* **THE PROBLEM**: Nothing but the lines below from the one holding "Vintage boxed Record" up to and including the one holding "Soi kèo châu" should be copied, exactly and without pictures.

* **INFORMATION SHOWN**:
####################

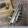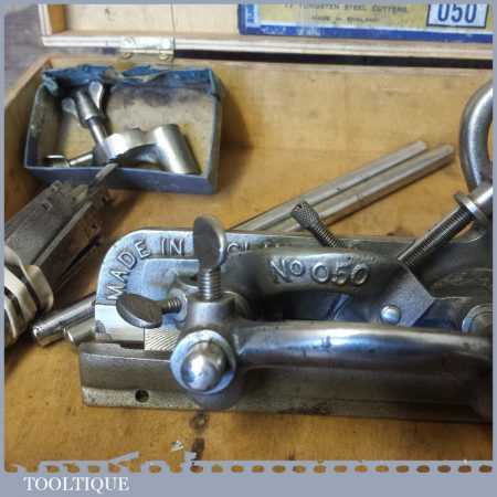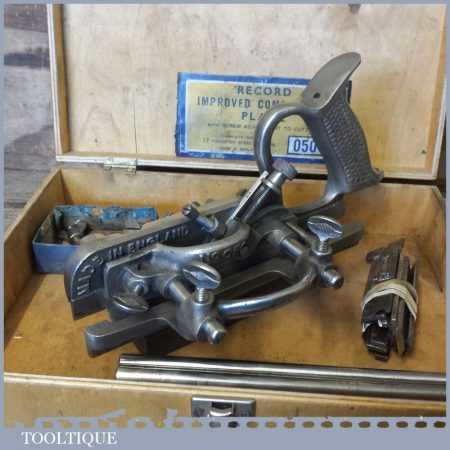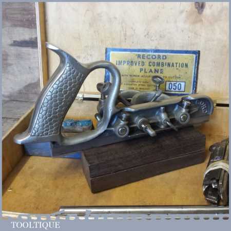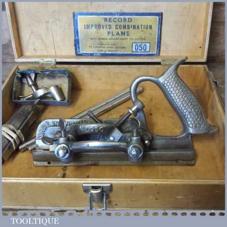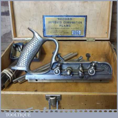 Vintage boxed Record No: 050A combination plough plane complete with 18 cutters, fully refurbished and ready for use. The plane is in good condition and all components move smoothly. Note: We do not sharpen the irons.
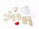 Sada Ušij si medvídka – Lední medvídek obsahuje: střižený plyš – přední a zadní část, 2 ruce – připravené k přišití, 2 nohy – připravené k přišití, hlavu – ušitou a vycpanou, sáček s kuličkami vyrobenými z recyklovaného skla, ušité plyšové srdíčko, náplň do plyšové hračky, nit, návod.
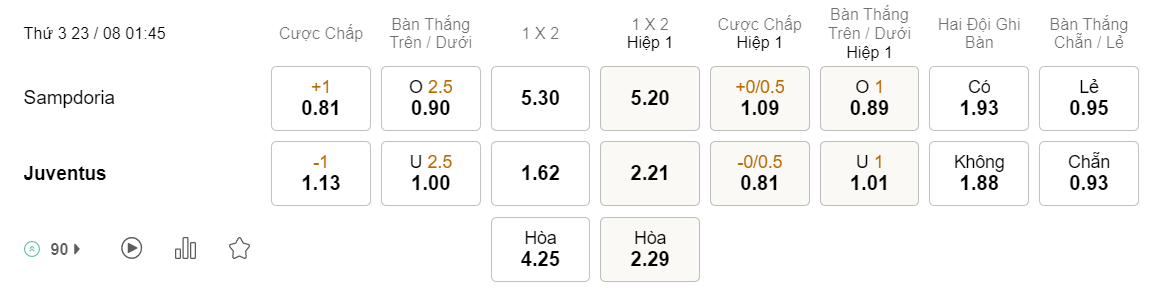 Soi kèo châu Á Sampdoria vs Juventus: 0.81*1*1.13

####################

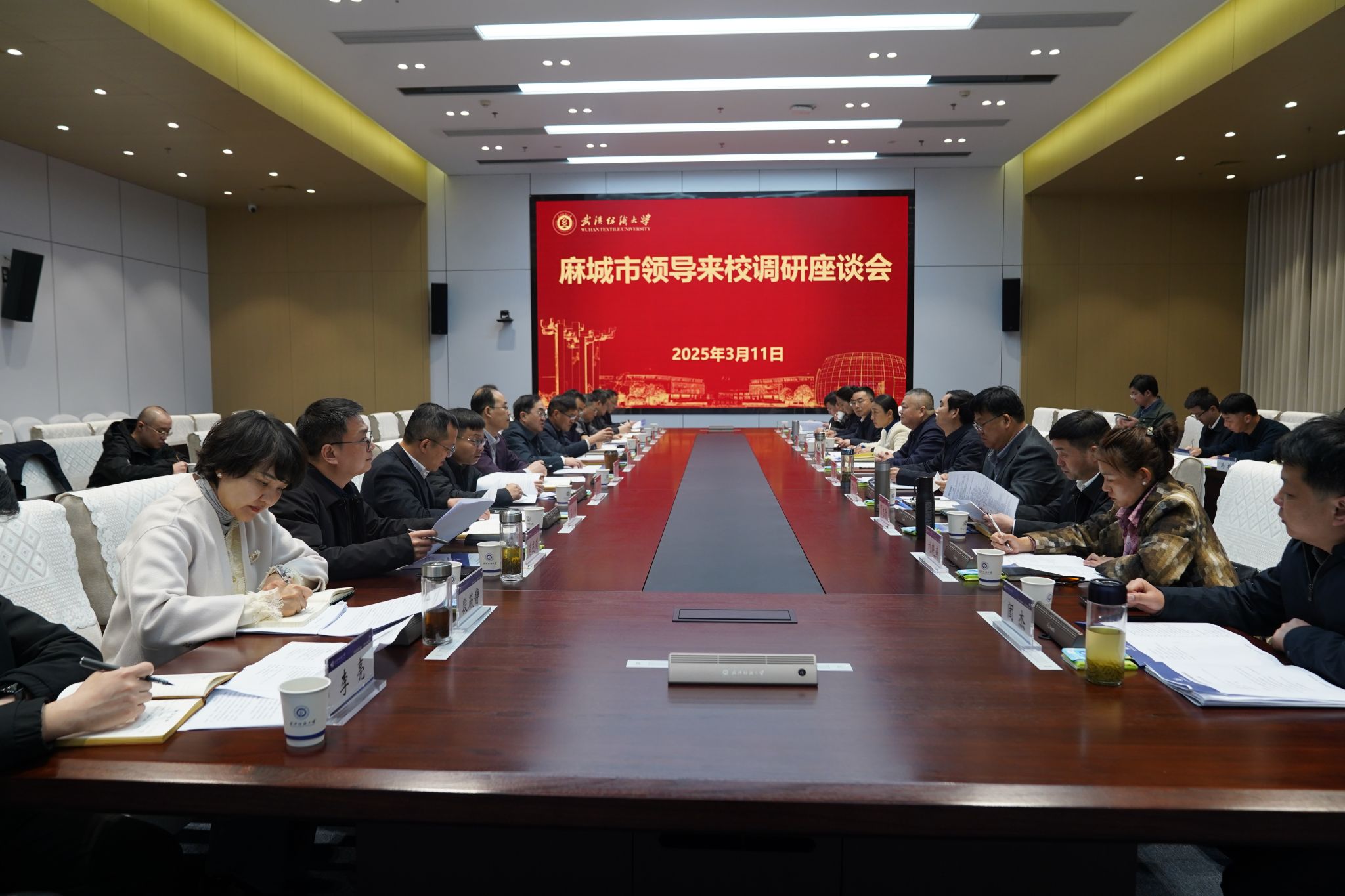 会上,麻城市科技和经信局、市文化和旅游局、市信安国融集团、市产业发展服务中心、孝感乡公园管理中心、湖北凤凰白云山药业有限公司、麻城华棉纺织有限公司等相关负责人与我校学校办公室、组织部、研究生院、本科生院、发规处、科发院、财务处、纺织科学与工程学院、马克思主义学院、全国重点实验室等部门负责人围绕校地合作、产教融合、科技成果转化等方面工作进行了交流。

####################

* **SOLUTION**:
 Vintage boxed Record No: 050A combination plough plane complete with 18 cutters, fully refurbished and ready for use. The plane is in good condition and all components move smoothly. Note: We do not sharpen the irons.
 Sada Ušij si medvídka – Lední medvídek obsahuje: střižený plyš – přední a zadní část, 2 ruce – připravené k přišití, 2 nohy – připravené k přišití, hlavu – ušitou a vycpanou, sáček s kuličkami vyrobenými z recyklovaného skla, ušité plyšové srdíčko, náplň do plyšové hračky, nit, návod.
 Soi kèo châu Á Sampdoria vs Juventus: 0.81*1*1.13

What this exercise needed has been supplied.